Although I would still be cautious about buying an instrument from Meinl/Harmonic Art or especially Terre, I admit that he’s got a point: everyone should play instrument first before judging or making a decision to buy one. Sometimes even a well known builder makes an instrument that doesn’t work well for the player.
The reason why I’ve been critical towards Meinl/Harmonic Art is that none of the videos or sound samples I’ve heard have made a really good impression. I don’t want to be too harsh, they sound relatively nice and seem to be tuned pretty well. However, the timbre of the sound is not very refined. The tuning of a handpan is a very complex art and it is one thing to get all the partials in tune and stable and another thing to really work on the timbre and dynamics. If fine tuning is what the tuner does last before the instrument leaves his hands, this sculpting of sonic qualities happens much earlier and could be referred to as deep tuning. It is more about the overall architecture of the instrument and how the material is worked and treated.
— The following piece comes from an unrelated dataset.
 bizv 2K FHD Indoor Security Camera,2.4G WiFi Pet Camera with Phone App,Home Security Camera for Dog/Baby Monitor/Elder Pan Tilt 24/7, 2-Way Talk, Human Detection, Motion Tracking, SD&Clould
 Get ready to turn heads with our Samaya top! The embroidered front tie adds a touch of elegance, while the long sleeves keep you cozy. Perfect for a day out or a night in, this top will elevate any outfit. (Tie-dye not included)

Building a handpan is totally different from building a guitar or a piano. A cupola builder gets to work with the sound very early in the process. Every hammer blow from the early shaping gives you acoustic feedback of the acoustic character of the instrument. This is when the deep tuning happens. A luthier who builds a guitar or a violin has to go through most of the building process without hearing almost any sound of his instrument (other than what comes of the woodworking tools).
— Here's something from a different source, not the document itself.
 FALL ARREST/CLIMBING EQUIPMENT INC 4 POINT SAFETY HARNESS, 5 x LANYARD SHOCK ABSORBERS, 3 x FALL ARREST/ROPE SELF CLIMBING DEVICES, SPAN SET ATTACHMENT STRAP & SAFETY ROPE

Deep tuning is a good topic that I could write more about on The Cupolist…
I’ll close this post with three thoughts:
- Don’t buy a handpan unless you have tried that particular instrument personally! At least you should know the work of the builder very well.
- If you buy a Meinl/Harmonic Art or Terre instrument from Thomann (or elsewhere), you are paying extra for the convenience of having the Thomann return policy. Which, of course, is smart in case you end up wanting to return a poorly built instrument…
- Generally I find it a positive thing we have commercially available handpans, but the price should reflect the quality. Just to remind you, when PANArt started selling their Hang in 2001, they cost something like 250 euros each and the quality was on a par with a lot of today’s handpans that sell for 1500 euros or more.